Earlier this week, an investigation revealed that Apple and other tech giants used YouTube translations to train their AI models. It includes over 170,000 videos from artists like MKBHD and Mr. Beast and more. Apple then used this data set to train its open-source OpenELM models, which it released in April.
Apple has now confirmed the matter 9 to 5 MacHowever, OpenELM does not support any AI or machine learning features – including Apple Intelligence.

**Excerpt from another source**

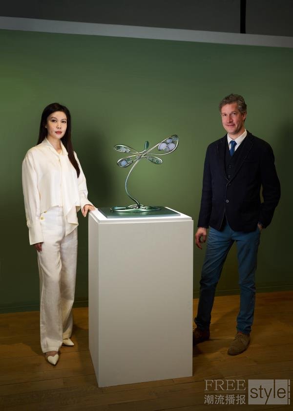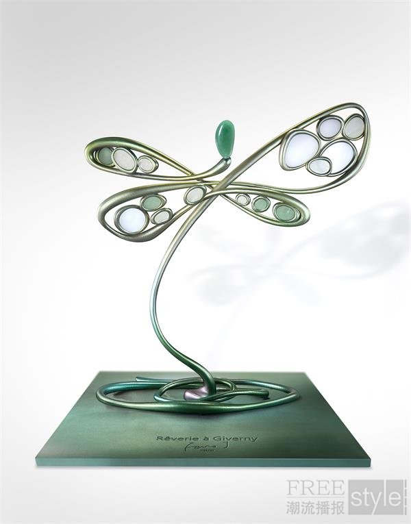 以钛合金为主体结构, 在表面手绘晕染色辅以电镀, 充满油画调色丰富的冷暖变化,而蜻蜓翼框内镶嵌着切面蓝色玉髓、岫玉、东陵石, 一只融合水墨与油画感的蜻蜓雕塑, 就仿佛被 “画”出来了。

Apple says it’s made OpenELM-Model As a means of contributing to the research community and promoting the development of large open source language models. In the past, Apple researchers have described OpenELM as an “evolved open language model”.
According to Apple, OpenELM is intended for research purposes only and is not intended to use Apple Intelligence features. The model has been released as open source and is generally available, including… Apple’s machine learning research page.
Since OpenELM is not used as part of Apple Intelligence, this means that the YouTube caption dataset is not used to support Apple Intelligence. In the past, Apple has said that Apple Intelligence models are “trained on licensed data, including data selected to enhance certain features as well as publicly available data collected by our web crawlers.”
Finally, Apple informed me that no new version of the OpenELM model will be developed.
how wired known Earlier this week, companies like Apple, Anthropic and NVIDIA used this “YouTube subtitles” dataset to train their AI models. This dataset is part of a larger collection called “The Pile” by the nonprofit EleutherAI.